Contabo GPU M (MI210): €99/month
RunPod equivalent: ~$200/month
AWS g5.4xlarge (A10G, 24GB — not even enough VRAM): ~$1,200/month
OpenAI API (equivalent throughput): $2,000–5,000/month depending on usage

Contabo is not the fastest. It's not the most polished cloud provider. The control panel looks like it was designed in 2010. But for raw price-to-performance on GPU compute, nothing touches it in Europe.

What to Build With This

Now that you have a self-hosted OpenClaw API, the possibilities open up. Check out the Claw Mart listings for pre-built tools and integrations that plug directly into OpenAI-compatible endpoints — chatbots, RAG pipelines, agent frameworks, and more.

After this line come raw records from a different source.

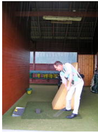
Übungseinheit in der
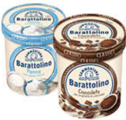
SAMMONTANA BARATTOLINO NORMALE GR 500
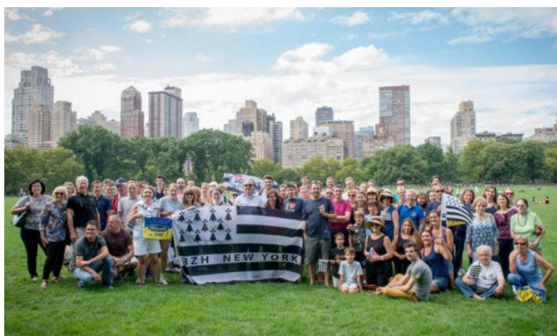
L'ASSOCIATION BZH New York déploie le Gwenn Ha Du dans Central Park.

Bien sûr, quand on pense au drapeau américain et français on voit tout de suite le rapport aux mêmes couleurs. Mais pour les Bretons du Nouveau Monde et les autres, la relation entre leur drapeau, le Gwenn Ha Du, et le drapeau américain est encore plus flagrante. Créé 1777 le drapeau américain a évolué au rythme de l'Histoire du pays. Tout d'abord constitué de 13 bandes représentant les 13 premières colonies et de 13 étoiles en forme de ronde pour les 13 premiers états, il trouve sa forme plus actuelle à mesure qu'un état rejoint la fédération et en 1960, toujours les 13 bandes et enfin les 50 étoiles après le ralliement de l'Alaska et d'Hawaï qui lui confère son aspect actuel.
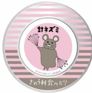
針ネズミ マグネット付きキャンディー缶 ¥1,000
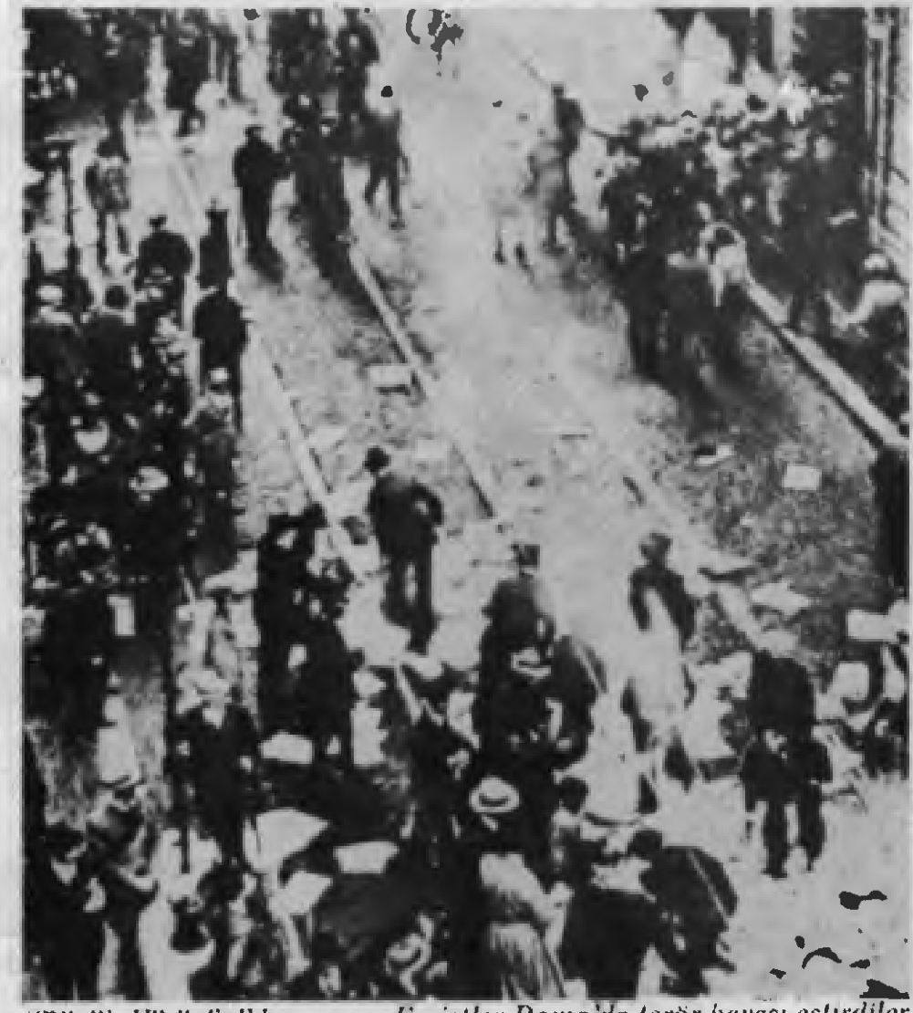
"Büyük Yürüyüş"den sonra Faşistler Roma'da terör havası estirdiler

("İtalya Sorunu Üzerine. Komünist Enternasyonal'in Üçüncü Kongresi". 22 Haziran — 12 Temmuz 1921. Toplu Yapıtlar. İngilizce basım, c:32, s:462-467.
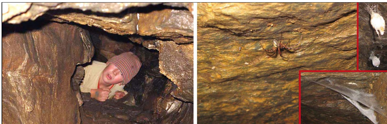
Abb. 9: Tobias ENGL in der engen Röhre.
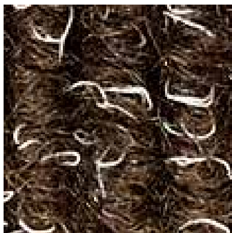
bruin nr. 485
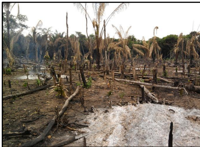
Roça de toco.

Por exemplo, em uma aldeia, os espaços construídos pelos povos alteram a paisagem natural. Podemos citar as casas, espaços do sagrado, espaços de convivência, o pátio, campo de futebol, as roças, lugares onde se faz farinha, onde se preparam alimentos, dentre outros.
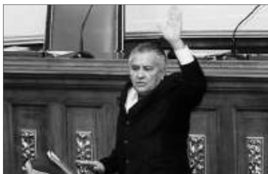
Soto Rojas juramentándose ante la Asamblea Nacional en el 2011.

Buenas tardes, diputados y diputadas electos:
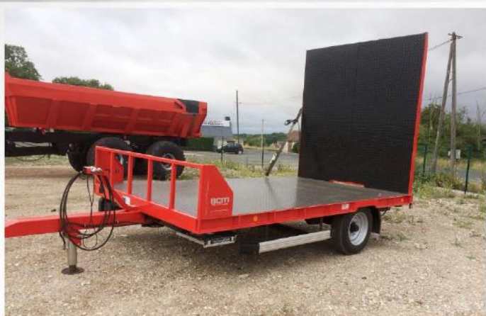
Surface utile : 4m00 x 2m40, Plancher plat, Essieu fixe, RC 215/75 R17.5, Rampe sur largeur totale
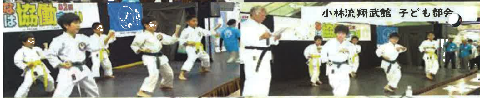
小林流翔武館 子ども部会
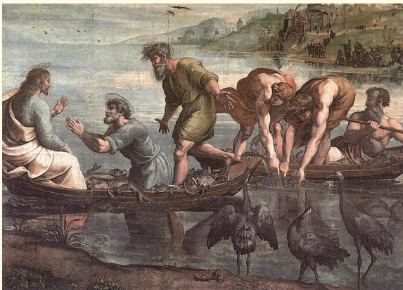
〈고기잡이 기적〉(라파엘로작, 1515-1516년경)

제2독서는 예수님께서 누리시는 영광이 모든 이를 위해 당신 자신의 소중한 목숨을 바치신 고귀한 희생에서 우러나온 것임을 강조한다. 십자가에서 돌아가신 그분이야말로 하늘과 땅에 있는 모든 피조물이 외치는 영원한 경배의 대상이기 때문이다.
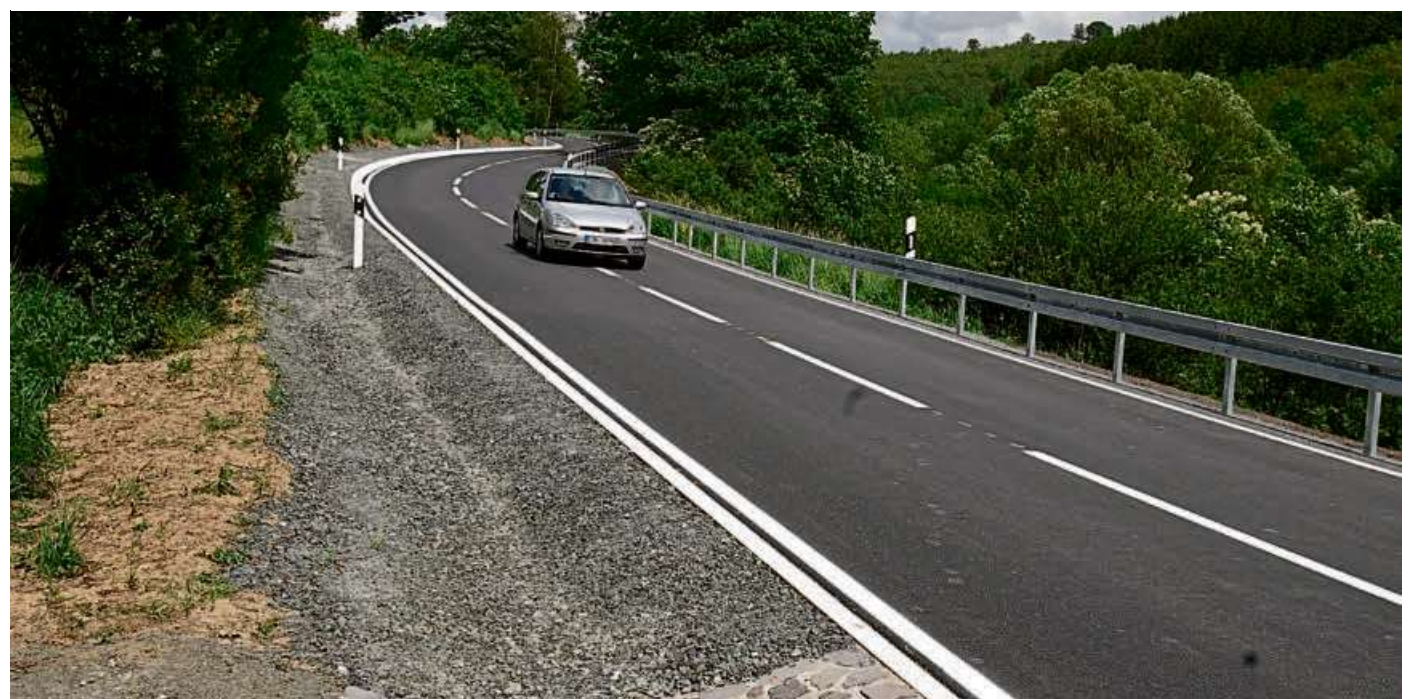
Auf der L 3044 kann der Verkehr wieder fließen.

Zweiter Bauabschnitt der Sanierung zwischen Oberroßbach und Weidelbach abgeschlossen

Since OpenClaw serves the standard /v1/chat/completions endpoint, anything in the Claw Mart ecosystem that works with OpenAI works with your server.

A few ideas to start:

Private AI assistant for your team — no data leaving your infrastructure
RAG pipeline with your company's documents
Multi-agent system where cost-per-token is zero after the VPS bill
Fine-tuned model serving for domain-specific applications

Next Steps

Sign up for Contabo and deploy a GPU M instance — use hourly billing to test first
Follow the steps above to get OpenClaw running with a small model (8B) for validation
Scale up to your target model once everything checks out
Browse Claw Mart for OpenClaw-compatible tools to build on top of your new inference server
Join the OpenClaw community on GitHub for updates, benchmarks, and support

You now have a production-grade LLM inference API running on your own hardware, in a European datacenter, for less than a Netflix family plan. That's the kind of asymmetric advantage that makes self-hosting worth the 30 minutes of setup.